1.25 Multiplier Allowed, Lack of Specific Challenges Did Not Lead to Major Reductions, and Prior SLAPP Awards Were Not Dispositive.
If you have followed our blog, you known there is a mandatory fee-shifting statute in favor of SLAPP defendant winners. In Lunada Biomedical v. Nunez, Case Nos. B243205/B246602 (2d Dist., Div. 5 Oct. 9, 2014) (published), two SLAPP defendant winners won over $162,000 in fees against plaintiff (which included a 1.25 multiplier).
Plaintiff’s appeal did not get any further reduction, with defendants getting further fees on remand for prevailing on appeal.
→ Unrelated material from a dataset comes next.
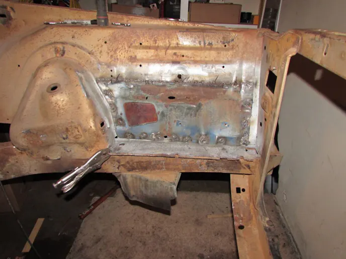 Although it was a Texas panhandle car, it had a fair share of rust. Rod ended up replacing both quarter panels, one outer wheel house, trunk floor, trunk floor extensions, one rear floor board, deck filler panel, gas tank braces, trunk gutters, lower front windshield corners, and many patches in the floor. The speaker tray, windshield frame, hood hinge area, inner fender area near the battery were repaired as well. There is nearly a year of work getting the car to be rust free. All the metal work was done by Rod for the first time.

Plaintiff complained about “block billing,” but the billing submissions were sufficient to allow for a reasoned award. Plaintiff then argued that a counsel declaration on time spent, even with after-the-fact estimates, did not suffice, but this is simply contrary to California law allowing for an attorney declaration to be good enough. (City of Colton v. Singletary, 206 Cal.App.4th 751, 785 (2012).) Plaintiff protested loudly about the excessive nature of the fees, but its generalized arguments on “too high” did not suffice because specific challenges were not raised at the trial court stage. (Premier Medical Mgt. Systems, Inc. v. CIGA, 163 Cal.App.4th 550, 564 (2008).) Plaintiff next argued that this particular SLAPP award was way off the charts given a comparison to fee awards in other SLAPP cases. However, this argument was rejected because each fee application stands and falls on its own unique set of facts. The multiplier was just fine based on a contingent factor, with excessive underlying fees not among the factors to be considered in determining if a positive enhancement was in order.